* What you need to do
Restate the whole listing exactly.
Start of Data
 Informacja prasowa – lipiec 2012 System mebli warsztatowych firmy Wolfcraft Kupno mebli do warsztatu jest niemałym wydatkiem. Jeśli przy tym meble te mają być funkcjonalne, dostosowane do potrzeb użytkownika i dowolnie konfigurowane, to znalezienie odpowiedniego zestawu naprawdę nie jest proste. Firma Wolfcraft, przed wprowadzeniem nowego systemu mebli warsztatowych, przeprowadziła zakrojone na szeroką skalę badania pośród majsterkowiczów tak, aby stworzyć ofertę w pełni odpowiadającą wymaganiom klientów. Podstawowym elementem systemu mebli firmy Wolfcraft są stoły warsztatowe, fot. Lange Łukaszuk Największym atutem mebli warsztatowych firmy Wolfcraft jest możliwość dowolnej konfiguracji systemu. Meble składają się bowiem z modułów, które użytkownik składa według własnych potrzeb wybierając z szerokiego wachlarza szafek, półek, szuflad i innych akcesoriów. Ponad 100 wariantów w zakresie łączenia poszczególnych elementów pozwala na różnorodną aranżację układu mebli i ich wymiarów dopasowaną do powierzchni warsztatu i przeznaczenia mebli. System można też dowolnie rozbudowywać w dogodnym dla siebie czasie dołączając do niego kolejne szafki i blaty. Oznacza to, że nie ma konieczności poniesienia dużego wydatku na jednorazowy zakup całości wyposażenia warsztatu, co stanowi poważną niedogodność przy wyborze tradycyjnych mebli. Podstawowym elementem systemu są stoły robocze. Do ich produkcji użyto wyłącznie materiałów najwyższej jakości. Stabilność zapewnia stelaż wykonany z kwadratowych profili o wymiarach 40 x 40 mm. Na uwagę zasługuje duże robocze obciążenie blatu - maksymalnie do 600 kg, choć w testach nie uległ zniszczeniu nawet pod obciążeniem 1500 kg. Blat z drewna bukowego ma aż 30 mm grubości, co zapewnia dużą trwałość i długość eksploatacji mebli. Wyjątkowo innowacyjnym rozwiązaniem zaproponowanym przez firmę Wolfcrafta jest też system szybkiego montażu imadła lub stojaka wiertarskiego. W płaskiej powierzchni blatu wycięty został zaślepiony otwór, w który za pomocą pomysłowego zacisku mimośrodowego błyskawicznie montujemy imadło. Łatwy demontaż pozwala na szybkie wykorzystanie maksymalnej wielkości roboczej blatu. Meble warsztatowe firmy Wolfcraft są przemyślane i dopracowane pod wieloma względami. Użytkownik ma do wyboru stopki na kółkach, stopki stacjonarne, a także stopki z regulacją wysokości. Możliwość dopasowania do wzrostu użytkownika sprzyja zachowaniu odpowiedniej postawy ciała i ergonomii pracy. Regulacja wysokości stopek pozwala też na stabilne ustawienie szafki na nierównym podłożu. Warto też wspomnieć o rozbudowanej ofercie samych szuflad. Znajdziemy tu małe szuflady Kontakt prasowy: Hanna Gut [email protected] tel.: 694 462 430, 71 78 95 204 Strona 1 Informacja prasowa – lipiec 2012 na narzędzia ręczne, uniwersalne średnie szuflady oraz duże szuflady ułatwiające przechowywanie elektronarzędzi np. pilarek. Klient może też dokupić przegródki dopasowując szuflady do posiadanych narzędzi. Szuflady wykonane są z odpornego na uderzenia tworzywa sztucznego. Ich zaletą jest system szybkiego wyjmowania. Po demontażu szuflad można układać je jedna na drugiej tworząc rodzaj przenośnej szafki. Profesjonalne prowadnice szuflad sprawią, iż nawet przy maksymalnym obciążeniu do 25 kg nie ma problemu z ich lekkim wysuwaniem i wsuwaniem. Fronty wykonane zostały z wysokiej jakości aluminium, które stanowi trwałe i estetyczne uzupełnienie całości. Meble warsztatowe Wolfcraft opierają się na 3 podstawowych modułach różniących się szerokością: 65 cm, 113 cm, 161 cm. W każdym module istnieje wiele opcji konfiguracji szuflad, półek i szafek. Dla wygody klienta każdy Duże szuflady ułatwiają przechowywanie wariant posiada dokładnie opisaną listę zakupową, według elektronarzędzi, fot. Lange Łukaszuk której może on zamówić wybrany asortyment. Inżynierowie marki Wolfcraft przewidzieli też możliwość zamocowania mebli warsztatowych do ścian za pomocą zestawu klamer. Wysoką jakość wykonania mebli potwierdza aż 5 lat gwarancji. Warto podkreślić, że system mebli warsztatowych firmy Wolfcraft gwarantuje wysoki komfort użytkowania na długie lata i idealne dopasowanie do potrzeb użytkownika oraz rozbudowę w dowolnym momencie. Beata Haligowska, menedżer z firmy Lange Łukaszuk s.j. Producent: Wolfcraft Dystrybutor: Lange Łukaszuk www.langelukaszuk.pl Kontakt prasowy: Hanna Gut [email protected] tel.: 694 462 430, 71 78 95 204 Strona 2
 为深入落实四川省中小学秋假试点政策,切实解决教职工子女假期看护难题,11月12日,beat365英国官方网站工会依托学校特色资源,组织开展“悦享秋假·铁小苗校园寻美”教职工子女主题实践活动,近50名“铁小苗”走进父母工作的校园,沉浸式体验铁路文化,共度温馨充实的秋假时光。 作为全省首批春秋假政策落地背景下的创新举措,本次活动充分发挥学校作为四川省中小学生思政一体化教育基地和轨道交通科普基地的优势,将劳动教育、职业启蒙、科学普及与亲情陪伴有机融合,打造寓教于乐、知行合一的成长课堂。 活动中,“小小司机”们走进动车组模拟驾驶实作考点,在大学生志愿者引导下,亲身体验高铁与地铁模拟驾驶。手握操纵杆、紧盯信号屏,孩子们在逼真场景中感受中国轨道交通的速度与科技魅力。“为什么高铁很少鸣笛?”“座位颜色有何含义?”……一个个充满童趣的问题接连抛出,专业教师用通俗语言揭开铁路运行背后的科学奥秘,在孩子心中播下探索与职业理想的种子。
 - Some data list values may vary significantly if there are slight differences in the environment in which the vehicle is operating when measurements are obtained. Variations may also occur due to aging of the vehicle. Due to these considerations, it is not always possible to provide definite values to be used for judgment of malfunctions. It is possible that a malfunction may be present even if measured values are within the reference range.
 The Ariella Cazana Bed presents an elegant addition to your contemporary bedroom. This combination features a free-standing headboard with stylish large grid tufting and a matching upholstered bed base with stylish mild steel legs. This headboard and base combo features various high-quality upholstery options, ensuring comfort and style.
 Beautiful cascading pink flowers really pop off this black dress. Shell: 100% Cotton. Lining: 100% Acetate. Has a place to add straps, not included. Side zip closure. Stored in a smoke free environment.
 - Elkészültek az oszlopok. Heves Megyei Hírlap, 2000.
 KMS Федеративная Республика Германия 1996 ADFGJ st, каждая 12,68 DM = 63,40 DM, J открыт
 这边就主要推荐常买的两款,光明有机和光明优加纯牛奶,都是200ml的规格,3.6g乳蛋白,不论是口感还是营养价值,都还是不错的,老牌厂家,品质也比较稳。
End of Data
* Answer section
 Informacja prasowa – lipiec 2012 System mebli warsztatowych firmy Wolfcraft Kupno mebli do warsztatu jest niemałym wydatkiem. Jeśli przy tym meble te mają być funkcjonalne, dostosowane do potrzeb użytkownika i dowolnie konfigurowane, to znalezienie odpowiedniego zestawu naprawdę nie jest proste. Firma Wolfcraft, przed wprowadzeniem nowego systemu mebli warsztatowych, przeprowadziła zakrojone na szeroką skalę badania pośród majsterkowiczów tak, aby stworzyć ofertę w pełni odpowiadającą wymaganiom klientów. Podstawowym elementem systemu mebli firmy Wolfcraft są stoły warsztatowe, fot. Lange Łukaszuk Największym atutem mebli warsztatowych firmy Wolfcraft jest możliwość dowolnej konfiguracji systemu. Meble składają się bowiem z modułów, które użytkownik składa według własnych potrzeb wybierając z szerokiego wachlarza szafek, półek, szuflad i innych akcesoriów. Ponad 100 wariantów w zakresie łączenia poszczególnych elementów pozwala na różnorodną aranżację układu mebli i ich wymiarów dopasowaną do powierzchni warsztatu i przeznaczenia mebli. System można też dowolnie rozbudowywać w dogodnym dla siebie czasie dołączając do niego kolejne szafki i blaty. Oznacza to, że nie ma konieczności poniesienia dużego wydatku na jednorazowy zakup całości wyposażenia warsztatu, co stanowi poważną niedogodność przy wyborze tradycyjnych mebli. Podstawowym elementem systemu są stoły robocze. Do ich produkcji użyto wyłącznie materiałów najwyższej jakości. Stabilność zapewnia stelaż wykonany z kwadratowych profili o wymiarach 40 x 40 mm. Na uwagę zasługuje duże robocze obciążenie blatu - maksymalnie do 600 kg, choć w testach nie uległ zniszczeniu nawet pod obciążeniem 1500 kg. Blat z drewna bukowego ma aż 30 mm grubości, co zapewnia dużą trwałość i długość eksploatacji mebli. Wyjątkowo innowacyjnym rozwiązaniem zaproponowanym przez firmę Wolfcrafta jest też system szybkiego montażu imadła lub stojaka wiertarskiego. W płaskiej powierzchni blatu wycięty został zaślepiony otwór, w który za pomocą pomysłowego zacisku mimośrodowego błyskawicznie montujemy imadło. Łatwy demontaż pozwala na szybkie wykorzystanie maksymalnej wielkości roboczej blatu. Meble warsztatowe firmy Wolfcraft są przemyślane i dopracowane pod wieloma względami. Użytkownik ma do wyboru stopki na kółkach, stopki stacjonarne, a także stopki z regulacją wysokości. Możliwość dopasowania do wzrostu użytkownika sprzyja zachowaniu odpowiedniej postawy ciała i ergonomii pracy. Regulacja wysokości stopek pozwala też na stabilne ustawienie szafki na nierównym podłożu. Warto też wspomnieć o rozbudowanej ofercie samych szuflad. Znajdziemy tu małe szuflady Kontakt prasowy: Hanna Gut [email protected] tel.: 694 462 430, 71 78 95 204 Strona 1 Informacja prasowa – lipiec 2012 na narzędzia ręczne, uniwersalne średnie szuflady oraz duże szuflady ułatwiające przechowywanie elektronarzędzi np. pilarek. Klient może też dokupić przegródki dopasowując szuflady do posiadanych narzędzi. Szuflady wykonane są z odpornego na uderzenia tworzywa sztucznego. Ich zaletą jest system szybkiego wyjmowania. Po demontażu szuflad można układać je jedna na drugiej tworząc rodzaj przenośnej szafki. Profesjonalne prowadnice szuflad sprawią, iż nawet przy maksymalnym obciążeniu do 25 kg nie ma problemu z ich lekkim wysuwaniem i wsuwaniem. Fronty wykonane zostały z wysokiej jakości aluminium, które stanowi trwałe i estetyczne uzupełnienie całości. Meble warsztatowe Wolfcraft opierają się na 3 podstawowych modułach różniących się szerokością: 65 cm, 113 cm, 161 cm. W każdym module istnieje wiele opcji konfiguracji szuflad, półek i szafek. Dla wygody klienta każdy Duże szuflady ułatwiają przechowywanie wariant posiada dokładnie opisaną listę zakupową, według elektronarzędzi, fot. Lange Łukaszuk której może on zamówić wybrany asortyment. Inżynierowie marki Wolfcraft przewidzieli też możliwość zamocowania mebli warsztatowych do ścian za pomocą zestawu klamer. Wysoką jakość wykonania mebli potwierdza aż 5 lat gwarancji. Warto podkreślić, że system mebli warsztatowych firmy Wolfcraft gwarantuje wysoki komfort użytkowania na długie lata i idealne dopasowanie do potrzeb użytkownika oraz rozbudowę w dowolnym momencie. Beata Haligowska, menedżer z firmy Lange Łukaszuk s.j. Producent: Wolfcraft Dystrybutor: Lange Łukaszuk www.langelukaszuk.pl Kontakt prasowy: Hanna Gut [email protected] tel.: 694 462 430, 71 78 95 204 Strona 2
 为深入落实四川省中小学秋假试点政策,切实解决教职工子女假期看护难题,11月12日,beat365英国官方网站工会依托学校特色资源,组织开展“悦享秋假·铁小苗校园寻美”教职工子女主题实践活动,近50名“铁小苗”走进父母工作的校园,沉浸式体验铁路文化,共度温馨充实的秋假时光。 作为全省首批春秋假政策落地背景下的创新举措,本次活动充分发挥学校作为四川省中小学生思政一体化教育基地和轨道交通科普基地的优势,将劳动教育、职业启蒙、科学普及与亲情陪伴有机融合,打造寓教于乐、知行合一的成长课堂。 活动中,“小小司机”们走进动车组模拟驾驶实作考点,在大学生志愿者引导下,亲身体验高铁与地铁模拟驾驶。手握操纵杆、紧盯信号屏,孩子们在逼真场景中感受中国轨道交通的速度与科技魅力。“为什么高铁很少鸣笛?”“座位颜色有何含义?”……一个个充满童趣的问题接连抛出,专业教师用通俗语言揭开铁路运行背后的科学奥秘,在孩子心中播下探索与职业理想的种子。
 - Some data list values may vary significantly if there are slight differences in the environment in which the vehicle is operating when measurements are obtained. Variations may also occur due to aging of the vehicle. Due to these considerations, it is not always possible to provide definite values to be used for judgment of malfunctions. It is possible that a malfunction may be present even if measured values are within the reference range.
 The Ariella Cazana Bed presents an elegant addition to your contemporary bedroom. This combination features a free-standing headboard with stylish large grid tufting and a matching upholstered bed base with stylish mild steel legs. This headboard and base combo features various high-quality upholstery options, ensuring comfort and style.
 Beautiful cascading pink flowers really pop off this black dress. Shell: 100% Cotton. Lining: 100% Acetate. Has a place to add straps, not included. Side zip closure. Stored in a smoke free environment.
 - Elkészültek az oszlopok. Heves Megyei Hírlap, 2000.
 KMS Федеративная Республика Германия 1996 ADFGJ st, каждая 12,68 DM = 63,40 DM, J открыт
 这边就主要推荐常买的两款,光明有机和光明优加纯牛奶,都是200ml的规格,3.6g乳蛋白,不论是口感还是营养价值,都还是不错的,老牌厂家,品质也比较稳。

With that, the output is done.